High Efficiency Water Splitting using Ultrasound Coupled to a BaTiO(3) Nanofluid

To date, a number of studies have reported the use of vibrations coupled to ferroelectric materials for water splitting. However, producing a stable particle suspension for high efficiency and long‐term stability remains a challenge. Here, the first report of the production of a nanofluidic BaTiO(3) suspension containing a mixture of cubic and tetragonal phases that splits water under ultrasound is provided. The BaTiO(3) particle size reduces from approximately 400 nm to approximately 150 nm during the application of ultrasound and the fine‐scale nature of the particulates leads to the formation of a stable nanofluid consisting of BaTiO(3) particles suspended as a nanofluid. Long‐term testing demonstrates repeatable H(2) evolution over 4 days with a continuous 24 h period of stable catalysis.

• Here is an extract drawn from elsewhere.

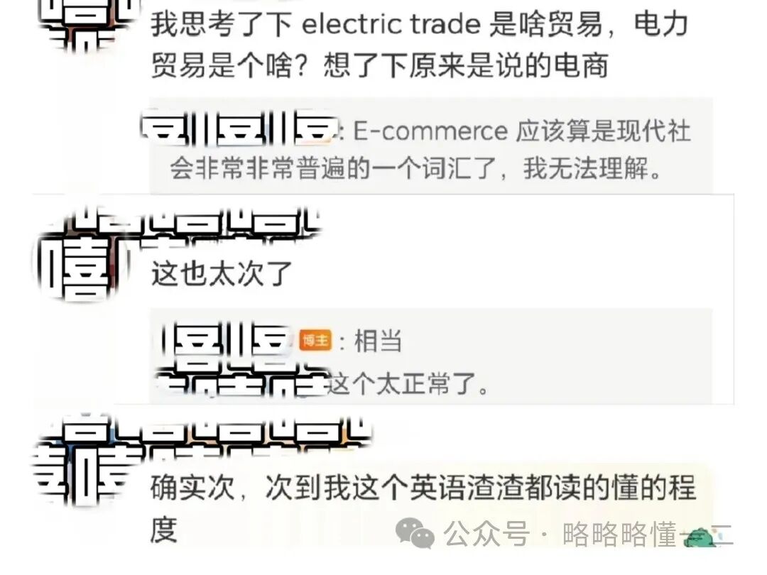 而且好多单词他好像没有掌握,他写的直译过来是“电力贸易”的英文应该是“E-commerce”,叫电子商务,在英语学习中还是很普遍的一个单词,尤其是近几年电商行业大火,这个词应该不陌生。

A maximum rate of H(2) evolution is found to be 270 mmol h(–1) g(–1) for a loading of 5 mg l(–1) of BaTiO(3) in 10% MeOH/H(2)O. This work indicates the potential of harnessing vibrations for water splitting in functional materials and is the first demonstration of exploiting a ferroelectric nanofluid for stable water splitting, which leads to the highest efficiency of piezoelectrically driven water splitting reported to date.